More than anything, I do not want us to internalize the idea that to be a Jew is to be a target, and I do not want us to pass this on to our kids. When I was a kid we came out of shul and played football in the car park. There was no security, no guards. By the time I led Hazon’s Cross-USA bike ride, in the summer of 2000, there was security in Jewish buildings in Europe, and it was striking to me, as an English Jew, that this was not the case here. Everywhere we went we literally rode into the parking lot of a Jewish building – a synagogue, a JCC – parked our bikes, wandered in, said hi to someone, introduced ourselves. Sometimes we called ahead – sometimes we didn’t. No-one minded. No-one asked for ID.

That was fifteen years ago; sadly it is now a world gone by. Being alive in this moment, and being sensitive both to Jewish tradition and to Jewish history, requires of us that we be quite conscious in keeping our balance.
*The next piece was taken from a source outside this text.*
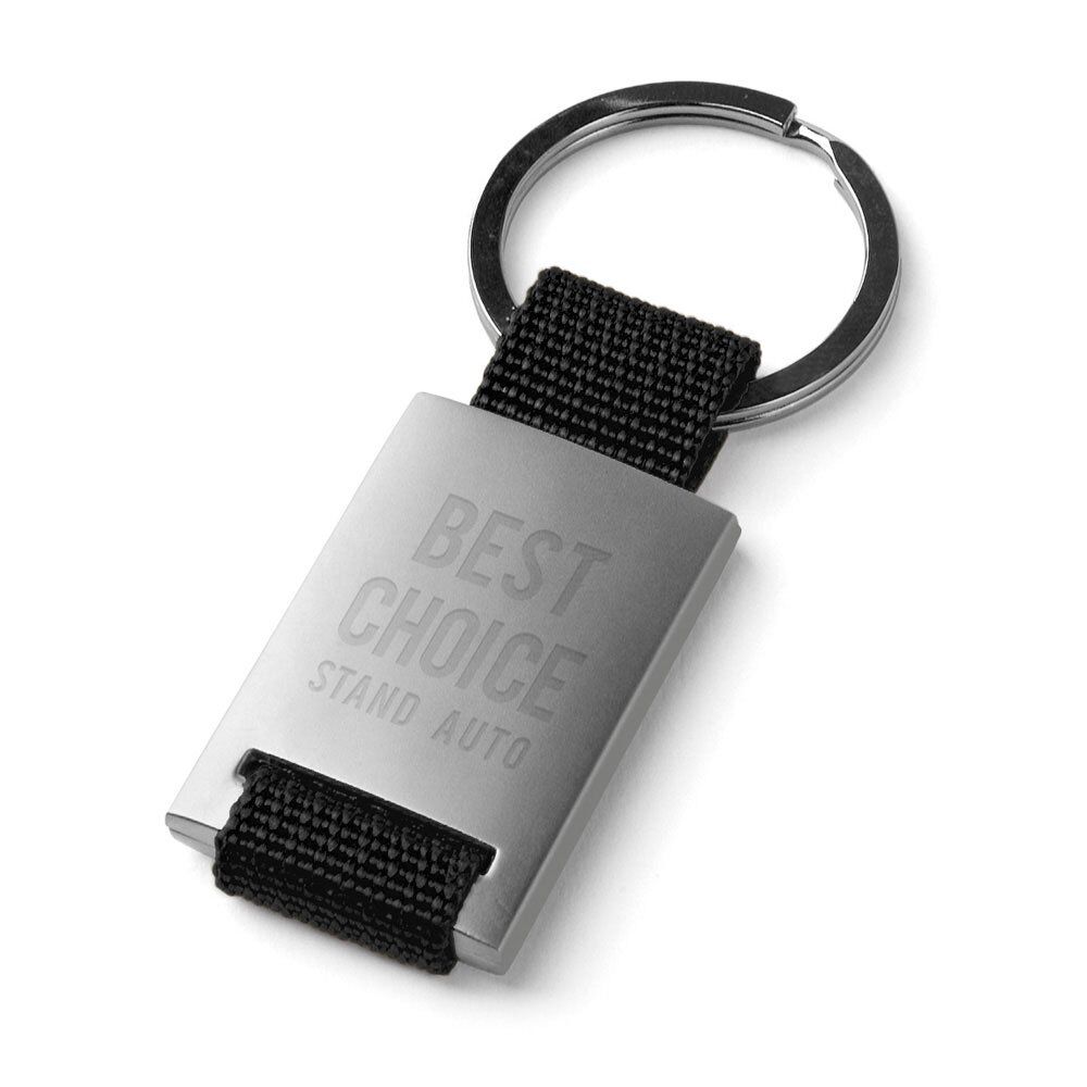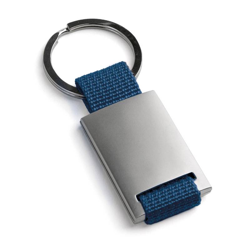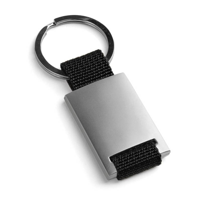 Metal and webbing keyring. This customisable keyring comes in a gift box. 28 x 60 x 6 mm

So, despite the heaviness of this topic, I hope that this is indeed a month of marbim b’simchah – of increasing our joy. It’s a time to celebrate our tradition, and to learn about the traditions of others. It’s a time to deepen our friendships with Muslims, not run away from them. And it’s a time when we do not ignore those who have tried to kill us, and we defend ourselves when we must; but we respond to evil by sharing food with friends, by giving money to those in need, by being our best selves, and by celebrating our life and our freedom.